Released: August 31, 1999 Rated: T 5/10

If I were assigning half-point scores on these ratings, WWF Attitude would be a key candidate for a 5.5 rating, if only to denote what it does to hold a leg up on its predecessor, which if you’re reading this collection of profiles alphabetically, I go on at length about with far more focus on the game engine. What’s important to understand first about WWF Attitude compared to the previous year’s War Zone, is that regardless of how we feel about it now, War Zone was far from a failure, and with the WWF and wrestling in general still cooking with absolute fire, everybody involved would be clamoring for a follow-up as quickly as possible. And with this both being the year-on sequel and Acclaim’s last hurrah with the license – WWF would find the greener pastures of the AKI engine with WrestleMania 2000 before the end of the same year.

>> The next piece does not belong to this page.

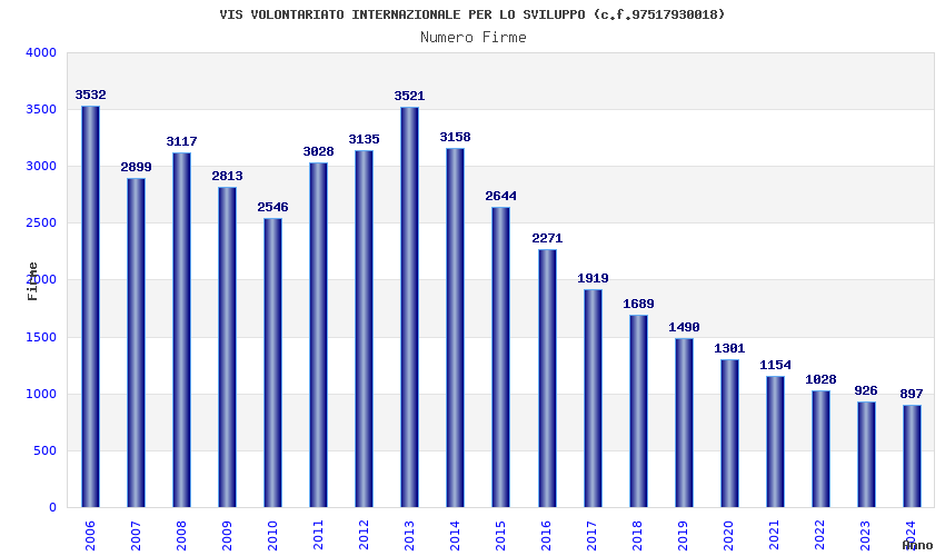 | Anno | Firme | Importi | Media | Naz. | Reg. | Prov. | Comu. |
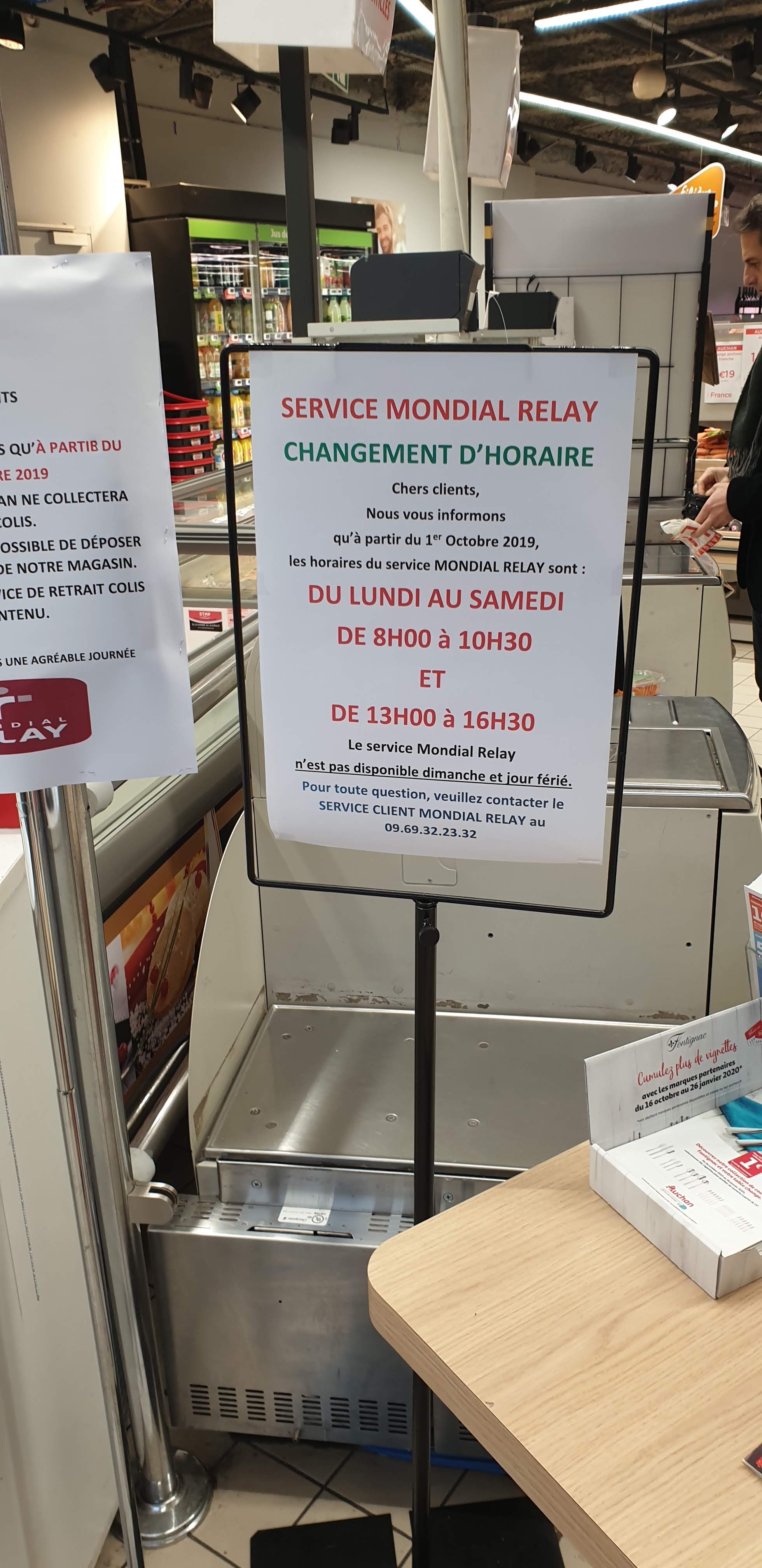 Les horaires du Service Mondial Relay sont faits pour repousser les gens. Le matin de 8h30 à 10h30 et l'après midi de 13h à 16h30. On aurait pas pu faire pire. J'ai vu plusieurs client arrivés et partir très remontés. Moi même, arrivé à midi, alors qu'il n'y avait personne et que la caissière se tournait les pouces, elle m'a gentiment dis qu'elle ne pouvait rien pour moi et qu'il fallait contacter la direction pour que ça change. Un conseil, fermez le service car des clients mécontents comme moi risquent de ne plus passer faire des courses ( double perte). Dommage, car jusque là, j'avais mis un 5 étoile et que je fais mes courses là-bas depuis 10 ans maintenant. A bon entendeur. limite. Je sens que les horaires choisies

Yet another snapshot of this game’s timing: black bar steel cage!

What this leaves us with for Attitude, a title originally scheduled for release as early as March 1999, only to release on consoles in August, is a tremendous update in terms of content and window dressing compared to War Zone, but with basically no change to the gameplay engine or controls. That’s disappointing, but familiar to anybody even remotely aware of the situation with many yearly sports titles, a genre which modern WWE is firmly rooted in, and more or less has been since right around this time when they achieved some of their biggest mainstream crossover. At its core, it’s a bad game on a bad foundation, losing even more ground at this point to the superior games WCW was releasing, and nothing was going to change that in only a year.

I imagine basically every post-match summary looks like this. Or has a little more red.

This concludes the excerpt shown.